Francisco Callejón

Personal information
- Full name: Francisco Callejón Segura
- Date of birth: 15 May 1998 (age 27)
- Place of birth: Pujaire, Spain
- Height: 1.82 m (6 ft 0 in)
- Position(s): Midfielder; centre-back;

Team information
- Current team: Tunari
- Number: 8

Youth career
- Pavía
- 2010–2017: Almería

Senior career*
- Years: Team / Apps / (Gls)
- 2016–2020: Almería B / 97 / (4)
- 2017–2021: Almería / 4 / (0)
- 2020–2021: → Betis B (loan) / 16 / (1)
- 2021–2022: Betis B / 25 / (1)
- 2022–2023: Linares / 33 / (1)
- 2023–2024: Sabadell / 10 / (0)
- 2024: UCAM Murcia / 13 / (2)
- 2024–2025: Estepona / 14 / (0)
- 2025–2026: Socuéllamos / 24 / (0)
- 2026–: Tunari / 6 / (0)

= Francisco Callejón =

Spanish footballer

Francisco Callejón Segura (born 15 May 1998) is a Spanish footballer who plays for Liga II club Tunari. Mainly a central midfielder, he can also play as a centre-back.

==Club career==
Born in Pujaire, Almería, Andalusia, Callejón joined UD Almería's youth setup in 2010, aged 12, from UDC Pavía. He made his senior debut with the B-team on 23 October 2016, starting in a 2–2 Tercera División away draw against CD El Palo.
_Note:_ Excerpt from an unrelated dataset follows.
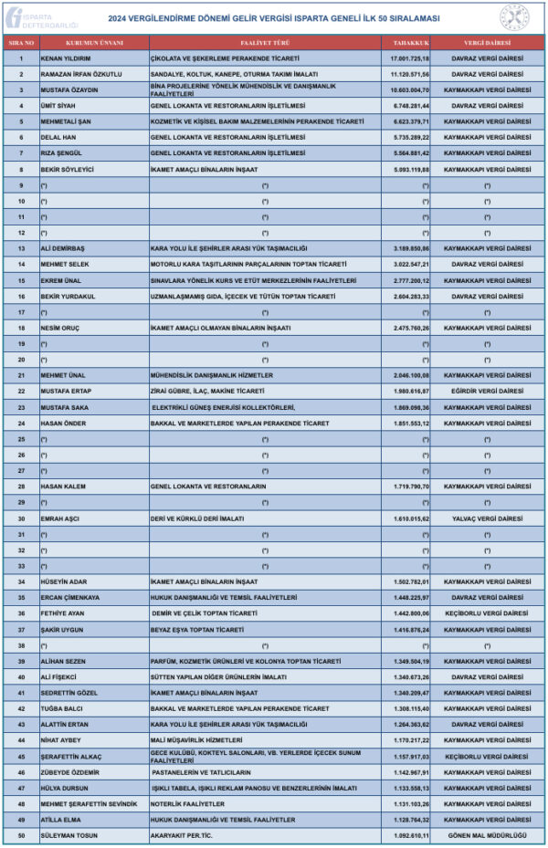 İşte Isparta Defterdarlığı’nın açıkladığı ilk 50 mükellefin ismi şöyle: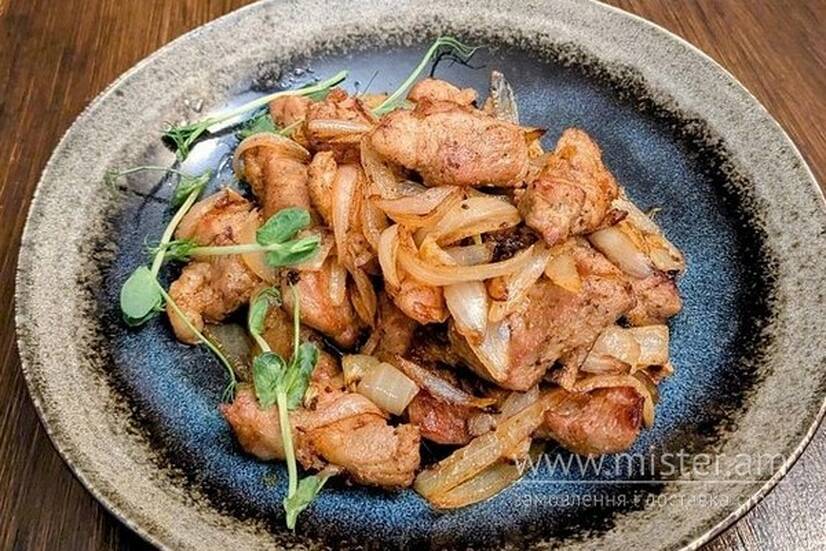 Свинина, цибуля.

Definitely promoted to the reserves in January 2017, Callejón scored his first senior goal on 15 January, netting the equalizer in a 1–1 draw at UD Ciudad de Torredonjimeno. On 9 April he made his first team debut, coming on as a second-half substitute for Kalu Uche in a 2–2 home draw against Real Zaragoza in the Segunda División championship.

On 5 May 2020, amidst the COVID-19 pandemic, Callejón renewed his contract with the club until 2023. On 10 September, however, he was loaned to Betis Deportivo Balompié for the 2020–21 campaign.

On 15 July 2021, Callejón signed a permanent five-year contract with the Verdiblancos.